Instructions for the task:
Only an exact repetition of the lines from the one holding "- Equipped with" to the end of the data is wanted, with pictures left out.

Data segment:

- - - -

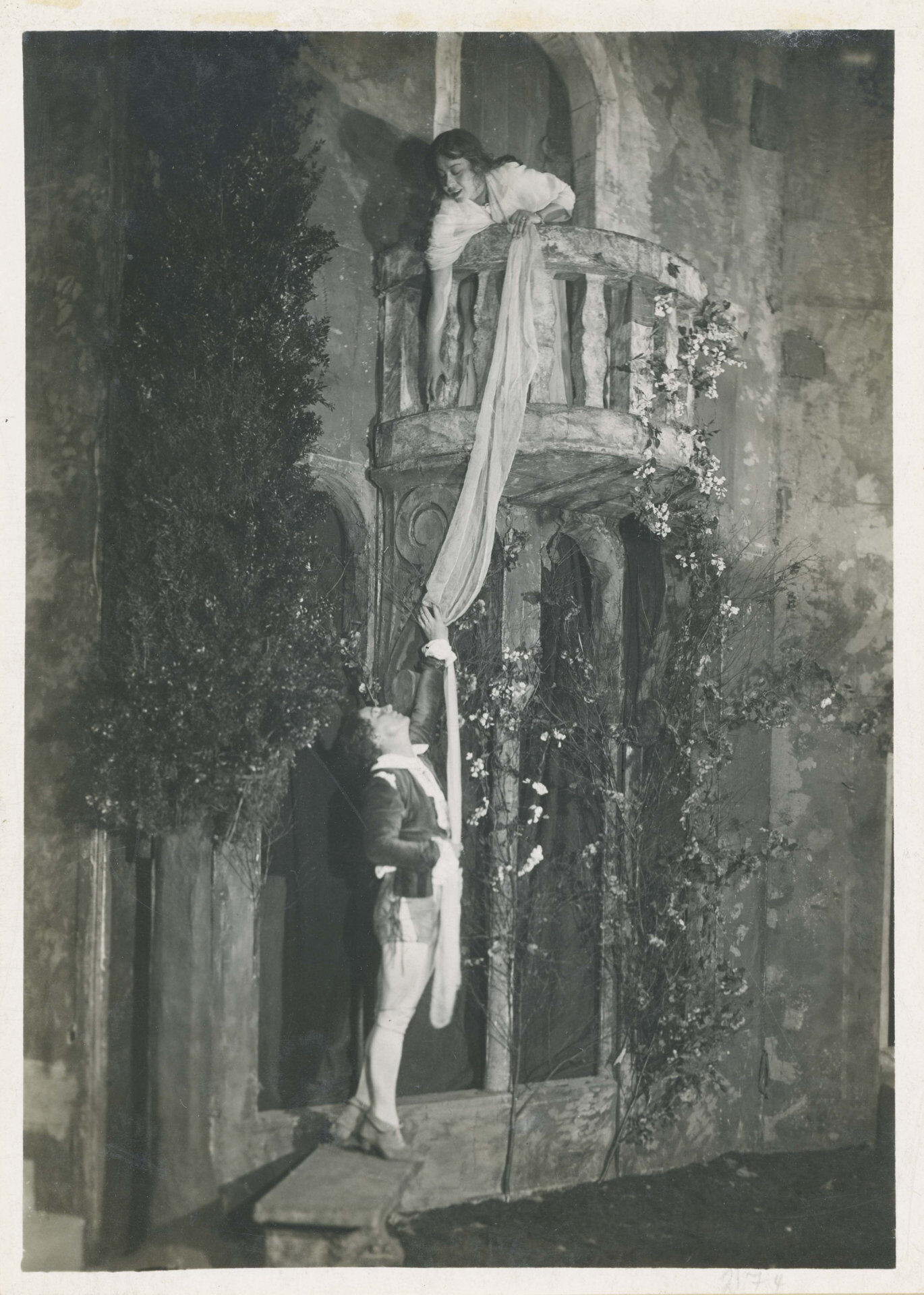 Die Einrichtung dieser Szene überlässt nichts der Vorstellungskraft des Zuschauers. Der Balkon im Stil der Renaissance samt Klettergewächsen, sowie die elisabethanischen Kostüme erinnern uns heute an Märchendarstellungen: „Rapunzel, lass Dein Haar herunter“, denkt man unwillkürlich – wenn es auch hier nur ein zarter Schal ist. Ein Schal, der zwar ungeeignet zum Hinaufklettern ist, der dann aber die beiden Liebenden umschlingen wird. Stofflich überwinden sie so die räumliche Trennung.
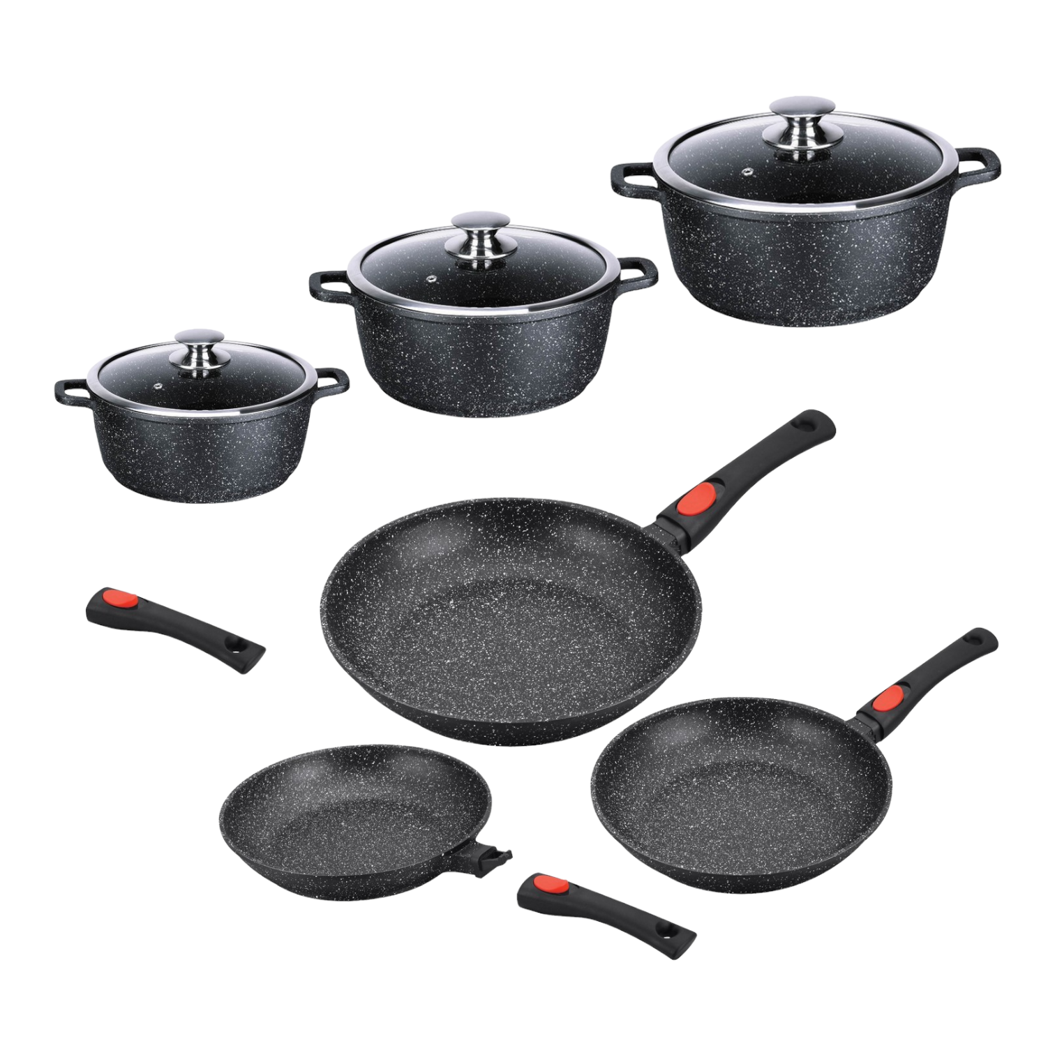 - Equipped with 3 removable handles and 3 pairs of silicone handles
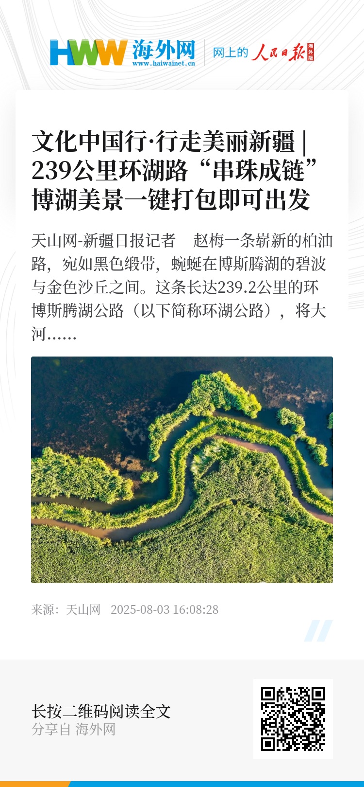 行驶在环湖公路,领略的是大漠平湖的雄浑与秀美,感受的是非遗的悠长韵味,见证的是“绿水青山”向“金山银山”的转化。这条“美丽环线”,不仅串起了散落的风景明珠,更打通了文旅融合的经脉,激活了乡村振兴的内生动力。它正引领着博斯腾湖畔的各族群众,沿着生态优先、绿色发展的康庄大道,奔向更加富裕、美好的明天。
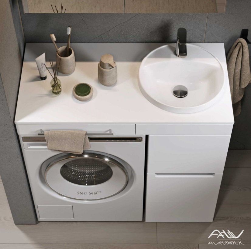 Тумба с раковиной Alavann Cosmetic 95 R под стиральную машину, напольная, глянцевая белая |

- - - -

Response to this exercise:
 - Equipped with 3 removable handles and 3 pairs of silicone handles
 行驶在环湖公路,领略的是大漠平湖的雄浑与秀美,感受的是非遗的悠长韵味,见证的是“绿水青山”向“金山银山”的转化。这条“美丽环线”,不仅串起了散落的风景明珠,更打通了文旅融合的经脉,激活了乡村振兴的内生动力。它正引领着博斯腾湖畔的各族群众,沿着生态优先、绿色发展的康庄大道,奔向更加富裕、美好的明天。
 Тумба с раковиной Alavann Cosmetic 95 R под стиральную машину, напольная, глянцевая белая |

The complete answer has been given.